Some thing this time, AccountDuplicationCheck_false pointed me at https://github.com/fa0311/TwitterFrontendFlow and https://github.com/tsukumijima/tweepy-authlib, which look like very detailed implementations of the login flow I could reference.
Part of the challenge is that Twitter sometimes shows stull like "confirm your email" when it feels suspicious activity, but I can't reliably reproduce and test such behavior. Looking at other people's code helps find such cases before they randomly break at some future point.
ran into an interesting gotcha. Some API endpoints expect GET requests rather than POST, for example https://twitter.com/i/api/graphql/zC51NksbixfctE9X0ITB-Q/Viewer.

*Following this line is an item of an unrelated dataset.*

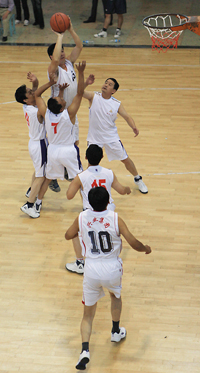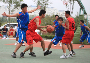 在比賽過程中各支代表隊都發(fā)揮出了極高的水平,為觀眾奉獻了一場場精彩的比賽。尤其在9月20日上午的交叉賽中,興業(yè)汽配代表隊與天泰鋼結(jié)構代表隊勢均力敵,比賽中雙方比分交替上升,離結(jié)束還有不到20秒時,汽配代表隊61:58領先3分并持有球權,此時汽配隊員的心理感覺穩(wěn)操勝券,一個不經(jīng)意的走步把球權送給對手,離結(jié)束不到2秒,鋼構中鋒馬沖順勢強攻,一記精準的3分遠投, 將比分追成61平,使比賽拖進加時。在加時賽中,汽配中鋒崔冰連續(xù)中投得手,興業(yè)汽配代表隊最終以73:65的比分完勝鋼構,躋身本屆籃球比賽的冠、亞軍決賽。因為天氣原因,9月20日下午的半決賽、決賽和驥翼組籃球表演賽改在日照一中室內(nèi)籃球場舉行。半決賽、決賽異常激烈,特別是在興發(fā)和汽配之間進行的決賽,展示了興業(yè)集團籃球的實力和水平,興發(fā)隊員們一次次嫻熟的配合,一個個精彩的扣籃,不時獲得現(xiàn)場觀眾的陣陣喝彩和掌聲。集團驥翼隊與興發(fā)驥翼隊的籃球表演賽同樣上演了群雄大戰(zhàn),集團驥翼隊在王建國總經(jīng)理帶領下,抗拒了體力不足,堅持打滿全場,最終以44:44的比分和興發(fā)驥翼隊握手言和(因?qū)俦硌葙惒辉偌訒r),也宣告興業(yè)集團第五屆職工運動會籃球比賽鳴金收兵。

But, if you send a POST request by mistake they won't just throw a 405 Method Not Allowed, but act as if it didn't recognize any GET query parameters: The following features cannot be null: responsive_web_graphql_exclude_directive_enabled, verified_phone_label_enabled, responsive_web_graphql_skip_user_profile_image_extensions_enabled, responsive_web_graphql_timeline_navigation_enabled, blue_business_profile_image_shape_enabled. Which makes me wonder if the server is interpreting it as application/x-www-form-urlencoded?..
Not sure if anything interesting can be done with this.
Another weirdness of Twitter's API: it alludes to be graphql (like, in the URL: https://twitter.com/i/api/graphql/q4cKckK0lNxWkHfAXXXzJQ/Following), but I don't think it actually is?
Until now I haven't had to use GraphQL for anything, so I could be wrong, but it's nothing like http://graphql.org/learn describes. Maybe they use GraphQL no the backend to generate responses for those APIs? But then I thought the whole point was to let the client make their own queries.
TBH, Twitter's API is one of the odder ones I've seen. It seems to be built around the paradigm of the backend telling the frontend what to do. Like, fetching timeline isn't just "give me a list of tweets after X", but the backend sending you instructions what to add and what to remove from the timeline.
Just to illustrate my point for how bizarre Twitter API is, where is an example of the https://twitter.com/i/api/graphql/q4cKckK0lNxWkHfAXXXzJQ/Following response. Just look how complex this thing is for the purpose of showing a list of users.
I understand stuff like "historical reasons" and for a system as big as Twitter they definitely must be at play, but I'd really be curious to learn those reasons...